With regard to advertising, the Commission’s proposal is marked by a tension between instruments and aims. The new stated aim of the proposed Directive is to “effectively limit the exposure of children and minors” to the advertisement of alcoholic beverages and foods high in fat, sugar and salt (HFSS). Reference to exposure is a major breakthrough compared to the current text and is aligned with the evidence that what counts is exposure to messaging – a quantitative indicator – and not just whether advertising is “targeted at” minors – as used in today’s Directive.
The instrument by which the Commission proposes to tackle exposure is through self- and co-regulation (SCR). This immediately sets off the alarm bells, as voluntary, industry-led codes of conduct fail to deliver verifiable gains for public health.

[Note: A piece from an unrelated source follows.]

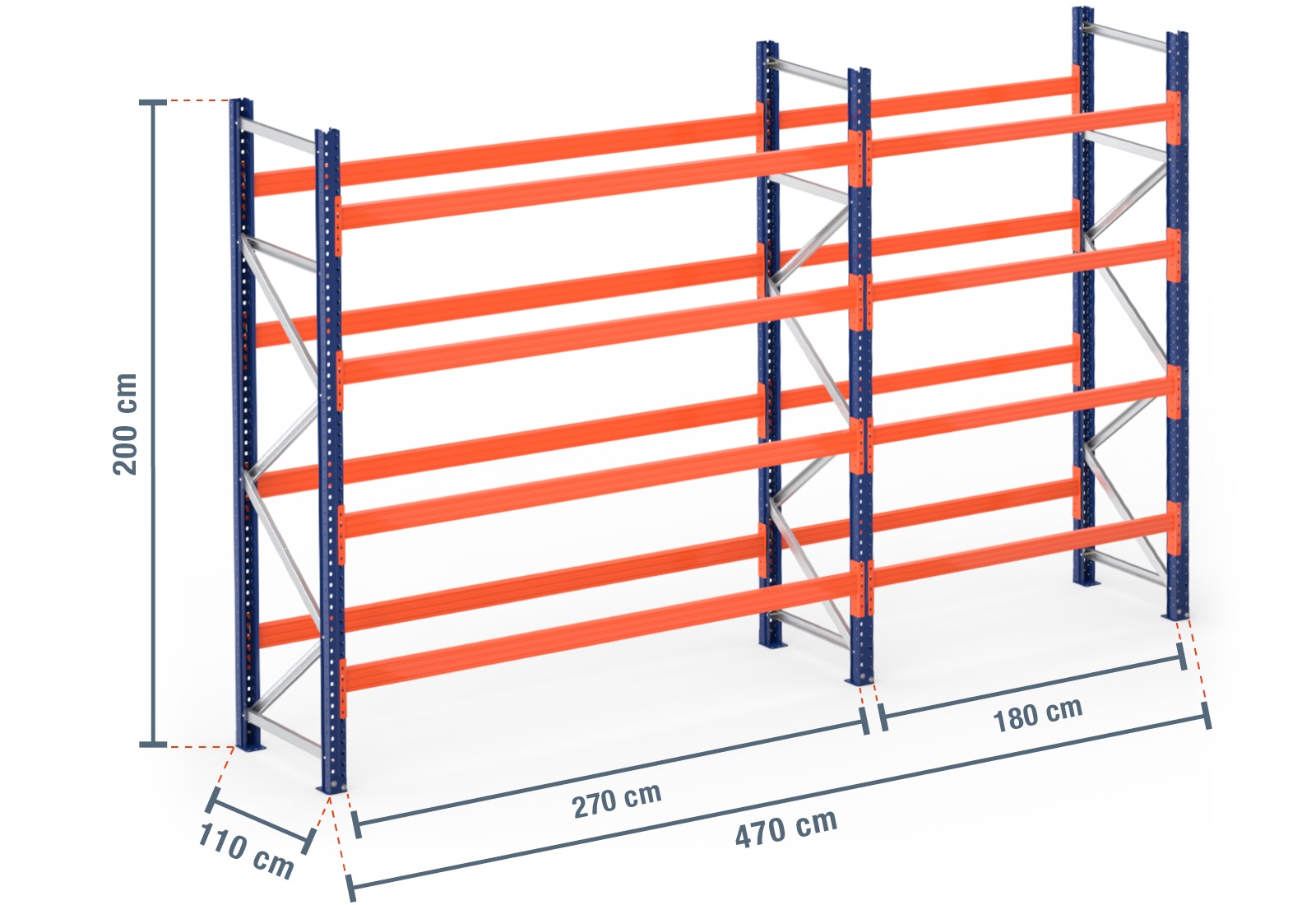 4,7 m pallet rack PR9000 / 110 cm deep / 2 m high / 4 levels for 25 euro pallets

A study on the effectiveness of SCR commissioned for the revision points this out, namely that most of the national schemes reviewed lack SMART, verifiable objectives, proper monitoring and evaluation systems and no sanctions – the ‘stick behind the door’. With a set-up like that, and lacking clear objectives, no wonder studies find that voluntary approaches routinely fail across all sectors.
The Commission tried to counter this by requiring codes of conduct to set clear and unambiguous objectives, have regular and independent monitoring and evaluation and if needed to apply sanctions. This move away from pure self-regulation is long overdue. At the latest meeting of the ‘Community of Practice for better self- and co-regulation,’ it was recognised that self-regulation does not actually exist: once a certain sector faces societal expectations, the conversation naturally moves beyond pure self-organisation. In this light it would be better to remove self-regulation from the policy vocabulary as a whole: it does not work in areas where public interest is at stake.
Overall however, the proposed measures do not live up to the aim of limiting exposure of children and young people to marketing of health-harmful products. What is needed is the right ‘policy mix’, covering both national and EU regulatory measures and codes of conduct which are really enforceable. A level playing field should be set up across Europe with a watershed from 7am to 11pm for both alcohol and HFSS food advertising. National governments should furthermore be encouraged to apply additional measures, including by regulatory means, as the potential effectiveness of co-regulation significantly depends on the national policy culture. The objectives of codes of conduct must in any case be public health-relevant, ensure rigorous compliance, and be independently monitored to ensure that encouraging such codes is not another grave mistake.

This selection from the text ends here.